MID-WEEK MEET-UP: "The Bridegroom"

Hi First Presbyterian Church,

It’s time for our Mid-Week Meet-Up! I’ve been thinking a lot about fasting during Lent, and in particular the point Jesus makes in Matthew 9:14-17 - fasting is meant for us to feel hunger to help us cultivate a deeper spiritual longing for Jesus. In that passage of scripture, Jesus refers to himself as “the bridegroom.” While thinking about longing for Jesus, I was reminded of another passage of scripture where Jesus refers to himself as “the bridegroom” - Matthew 25:1-13. In that passage, Jesus tells a story about ten young women who are awaiting the arrival of the bridegroom. As part of their waiting, five of them bring oil lamps without oil, and the remaining five bring oil lamps with flasks of oil for their lamps. They go out to wait for the bridegroom (presumably during the daytime) and end up waiting long into the night for him to return. They all fall asleep while they wait, until they’re awakened by the news that the bridegroom has returned and will be with them any minute. The young women who didn’t bring oil aren’t able to light their lamps. The ones who brought oil don’t have enough to share, and so the oil-less women must go find oil to buy. Unfortunately, while they are gone, the bridegroom appears and only those who were prepared with oil in their lamps go into the wedding banquet with him.

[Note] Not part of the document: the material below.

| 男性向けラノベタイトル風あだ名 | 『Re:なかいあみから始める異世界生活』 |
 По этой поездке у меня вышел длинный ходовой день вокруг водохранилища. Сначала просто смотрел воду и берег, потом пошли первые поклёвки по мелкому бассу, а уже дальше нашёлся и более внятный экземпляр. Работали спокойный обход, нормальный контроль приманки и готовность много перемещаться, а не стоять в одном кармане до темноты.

The background to the story is lost on us who are separated by geography and centuries from this cultural context. It’s likely that the ten young women are from the bridegroom’s household (maybe sisters or cousins or employees), and they are waiting for him while he is likely meeting with the bride’s father, agreeing to terms for her dowry. (Yeah, I know - a very different culture, right?) Once he returns, the young women will escort him to his bride (now in his own household) to consummate the marriage. Afterward, a wedding feast will be held.

It seems obvious that the five women who didn’t bring oil assume the bridegroom is going to quickly agree to terms for a dowry and return soon. That isn’t the case. In fact, even the women who did bring oil were surprised when he finally returned. What’s the point of this story?

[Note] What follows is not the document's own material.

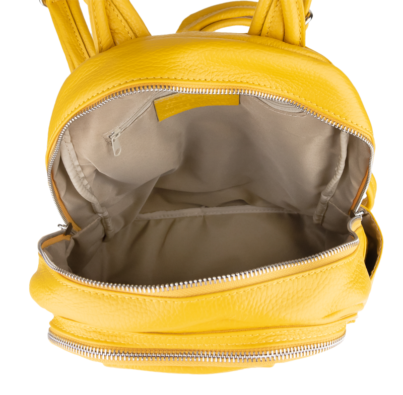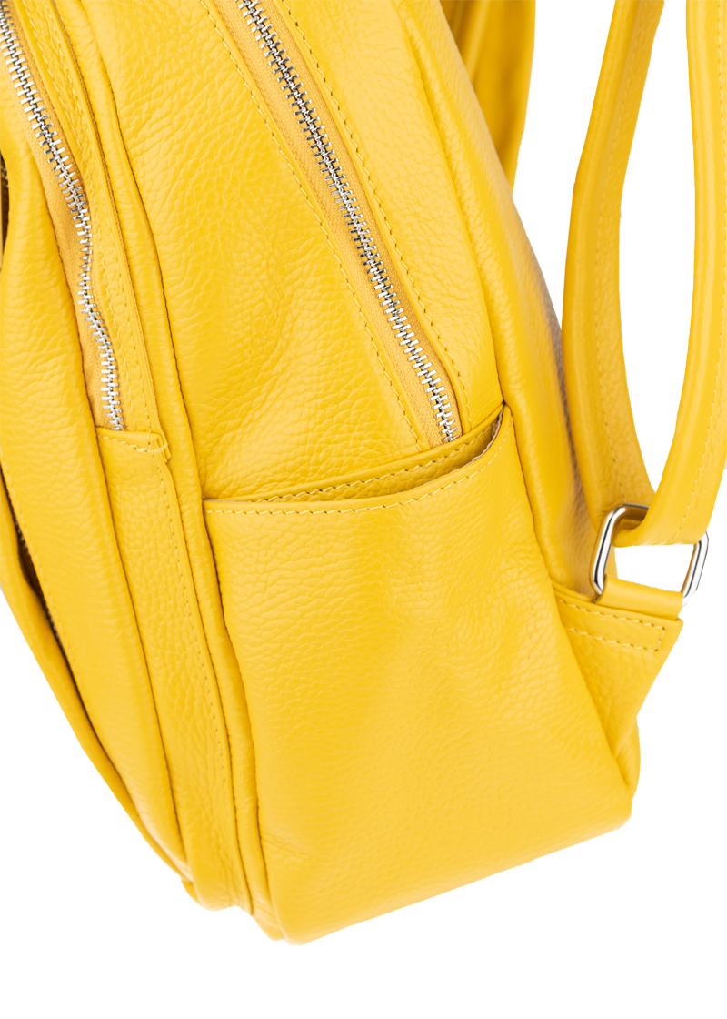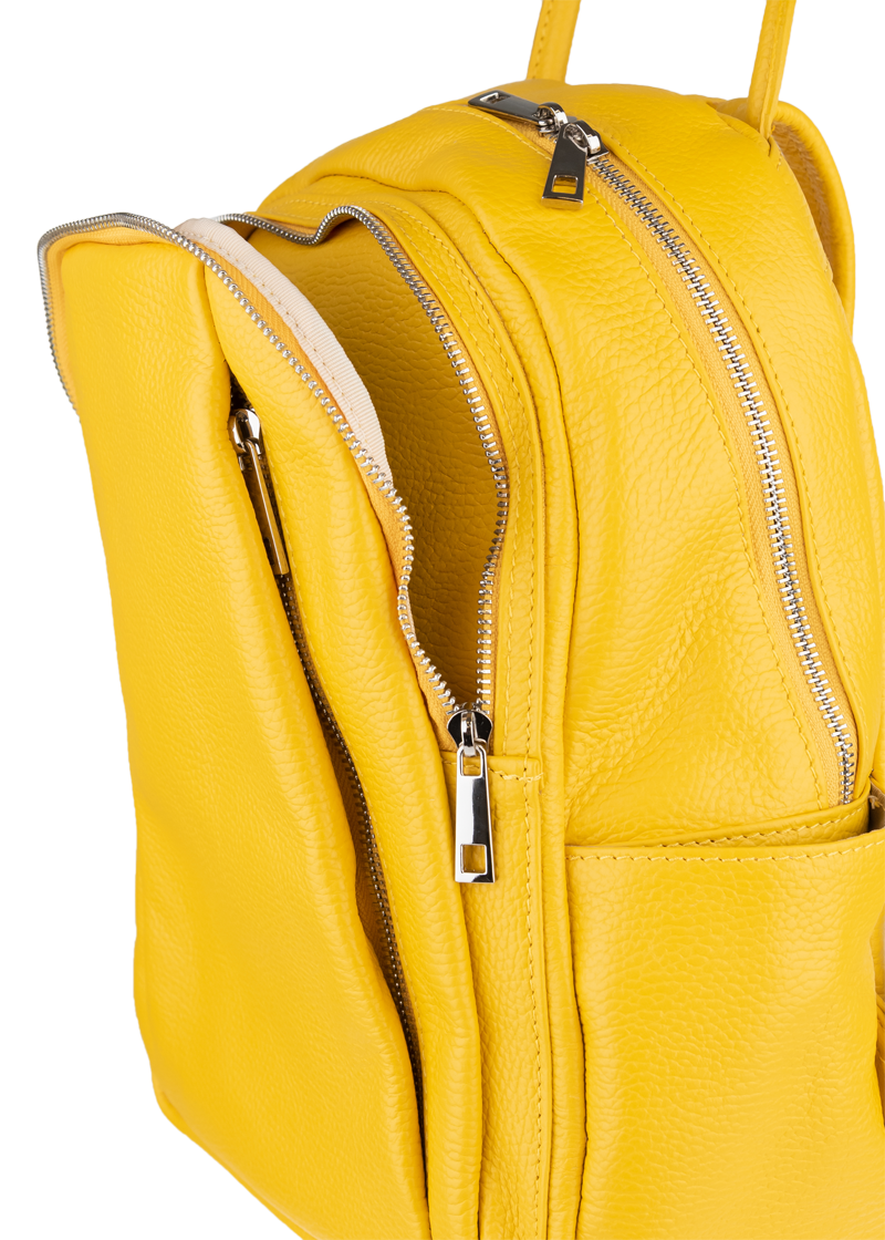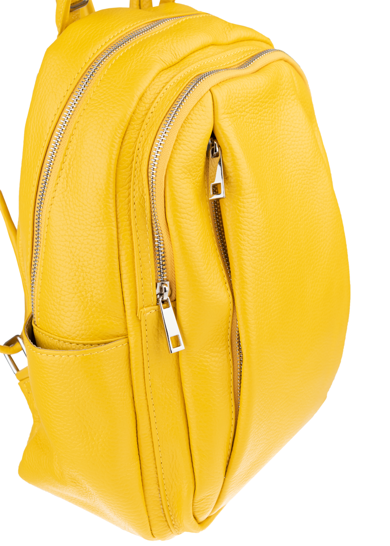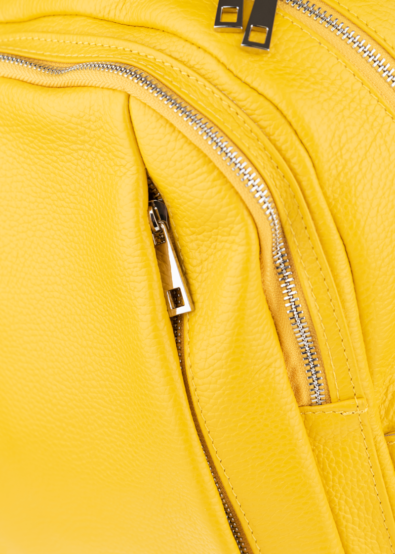 Žlutý kožený batůžek, se stříbrnými kovovými doplňky a zipy. Další barevné varianty batůžku Ilaria naleznete zde.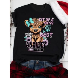 Women's Cute Cartoon Cow Print T-Shirt, Round Neck Short Sleeve Fashion Sports Tee, Comfortable Casual Top, Knitted Polyester Fabric, Romantic Style, All Seasons, Ladies Leisure Sportswear

Within the larger context of Matthew’s Gospel, it’s clear that this is a metaphor for Jesus’ return to earth, his Second Coming. What is he trying to tell us about his Second Coming? To me, he has one point to make: always be ready, because you don’t know when it will happen. Don’t be like the five who assumed that his delay wouldn’t be long, which will lead you to be unprepared when he finally does arrive and which has the potential to lead you to believe that he’ll never come at all. Even within one generation of waiting for Jesus’ return, Christians were already becoming disenchanted with the idea that his return would ever happen. 2 Peter 3:3-4 says, “In the last days scoffers will come, scoffing and indulging their own lusts and saying, ‘Where is the promise of his coming? For ever since our ancestors died, all things continue as they were from the beginning of creation!’” If that was true for those who lived shortly after the time of Jesus, how much truer for those of us who live thousands of years after them! This is the very point of the story about the 10 young women. Jesus is returning… so we ought to be vigilant in being ready!

I think it’s also important to notice that, despite their preparedness, the five who did bring oil for their lamps were still surprised when the bridegroom appeared! It seems there have been people in every generation of the Church’s history that have tried to predict the coming of the Lord based on things happening around them. Upstate New York is notorious for producing such “millenarian” groups like the Seventh-Day Adventists and the Shakers. The reality is, however, like Jesus says in this passage from Matthew 25: “you know neither the day nor the hour” (v. 13).

There is much that many people are anxious about these days. Some people may tell you, “Despair! If Jesus really cared about us, he’d come back and do something about it already. Abandon your hope! Jesus isn’t coming!” Don’t listen to them. The bridegroom delays but he hasn’t abandoned us. Other people may say, “The Bible has predicted the things we’re seeing in the world, and we can know exactly what God is going to do next!” Don’t listen to them, either! We don’t know when Jesus will return.

The only thing we do know is that Jesus has told us to be ready. So… let’s be ready. Let’s not let him find us sleeping or unprepared. Let’s get serious about our faith. Let’s decide that if Jesus does return tomorrow, he’ll find us loving our neighbor with selflessness and humility… which is what he really wants us to do.